* _Extracted material_

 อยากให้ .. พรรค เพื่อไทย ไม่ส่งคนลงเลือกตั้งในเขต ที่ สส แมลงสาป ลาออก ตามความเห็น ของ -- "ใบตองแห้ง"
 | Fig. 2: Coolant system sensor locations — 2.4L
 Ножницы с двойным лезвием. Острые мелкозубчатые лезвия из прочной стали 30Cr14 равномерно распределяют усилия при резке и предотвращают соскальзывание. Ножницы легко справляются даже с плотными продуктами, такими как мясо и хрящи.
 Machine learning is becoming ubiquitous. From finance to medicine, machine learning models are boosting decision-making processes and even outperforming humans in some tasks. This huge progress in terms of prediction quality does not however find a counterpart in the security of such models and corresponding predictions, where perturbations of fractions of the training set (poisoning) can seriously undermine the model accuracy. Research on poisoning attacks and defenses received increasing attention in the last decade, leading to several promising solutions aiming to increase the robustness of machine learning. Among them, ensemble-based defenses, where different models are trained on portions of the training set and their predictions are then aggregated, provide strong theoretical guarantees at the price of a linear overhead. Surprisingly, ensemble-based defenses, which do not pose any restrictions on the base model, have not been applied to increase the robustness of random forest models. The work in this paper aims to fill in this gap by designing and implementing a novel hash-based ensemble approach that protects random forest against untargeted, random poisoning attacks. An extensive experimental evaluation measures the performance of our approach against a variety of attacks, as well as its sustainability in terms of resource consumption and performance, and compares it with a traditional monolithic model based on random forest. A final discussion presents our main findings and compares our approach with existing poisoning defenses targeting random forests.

--

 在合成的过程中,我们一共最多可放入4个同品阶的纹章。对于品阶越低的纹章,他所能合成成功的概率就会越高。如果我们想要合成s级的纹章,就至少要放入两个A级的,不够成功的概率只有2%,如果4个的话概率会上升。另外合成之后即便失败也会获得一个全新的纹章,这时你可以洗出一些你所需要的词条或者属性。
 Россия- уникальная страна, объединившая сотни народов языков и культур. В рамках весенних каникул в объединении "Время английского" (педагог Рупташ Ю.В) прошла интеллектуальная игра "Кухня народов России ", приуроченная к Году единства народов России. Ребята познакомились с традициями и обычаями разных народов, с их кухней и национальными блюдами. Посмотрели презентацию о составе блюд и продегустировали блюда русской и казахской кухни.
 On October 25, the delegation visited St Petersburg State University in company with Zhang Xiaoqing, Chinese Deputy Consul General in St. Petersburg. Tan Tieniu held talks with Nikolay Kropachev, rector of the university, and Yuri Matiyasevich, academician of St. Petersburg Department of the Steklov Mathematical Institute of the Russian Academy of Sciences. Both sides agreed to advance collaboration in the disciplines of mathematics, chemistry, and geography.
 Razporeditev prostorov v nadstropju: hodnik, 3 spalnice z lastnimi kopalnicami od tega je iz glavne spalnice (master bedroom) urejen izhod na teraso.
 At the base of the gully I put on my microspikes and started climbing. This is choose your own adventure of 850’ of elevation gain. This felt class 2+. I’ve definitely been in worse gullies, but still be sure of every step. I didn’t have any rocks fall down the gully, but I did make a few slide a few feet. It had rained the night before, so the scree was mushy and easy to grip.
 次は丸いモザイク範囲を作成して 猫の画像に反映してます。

---

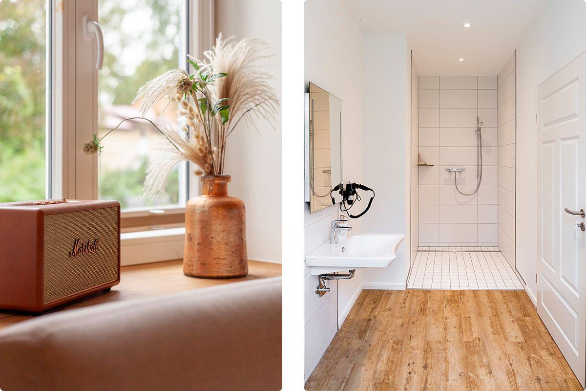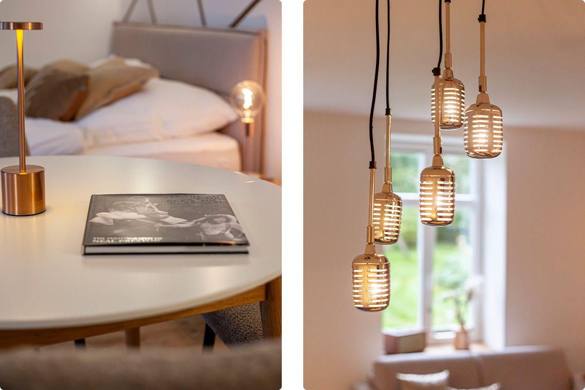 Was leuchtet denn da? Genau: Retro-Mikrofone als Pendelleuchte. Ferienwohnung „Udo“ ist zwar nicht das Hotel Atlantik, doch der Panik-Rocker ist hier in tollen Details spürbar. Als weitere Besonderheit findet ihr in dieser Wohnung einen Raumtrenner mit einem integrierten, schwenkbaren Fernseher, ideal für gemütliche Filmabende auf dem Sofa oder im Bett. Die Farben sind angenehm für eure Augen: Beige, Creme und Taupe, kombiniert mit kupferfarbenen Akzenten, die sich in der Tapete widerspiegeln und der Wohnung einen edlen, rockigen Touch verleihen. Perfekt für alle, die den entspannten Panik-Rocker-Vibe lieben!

* _Task statement_
Output, from the data above, the lines from the line with "อยากให้ .. พรรค" to the line with "Ножницы с двойным" exactly as they stand, both ends included and nothing else.

* _Task result_
 อยากให้ .. พรรค เพื่อไทย ไม่ส่งคนลงเลือกตั้งในเขต ที่ สส แมลงสาป ลาออก ตามความเห็น ของ -- "ใบตองแห้ง"
 | Fig. 2: Coolant system sensor locations — 2.4L
 Ножницы с двойным лезвием. Острые мелкозубчатые лезвия из прочной стали 30Cr14 равномерно распределяют усилия при резке и предотвращают соскальзывание. Ножницы легко справляются даже с плотными продуктами, такими как мясо и хрящи.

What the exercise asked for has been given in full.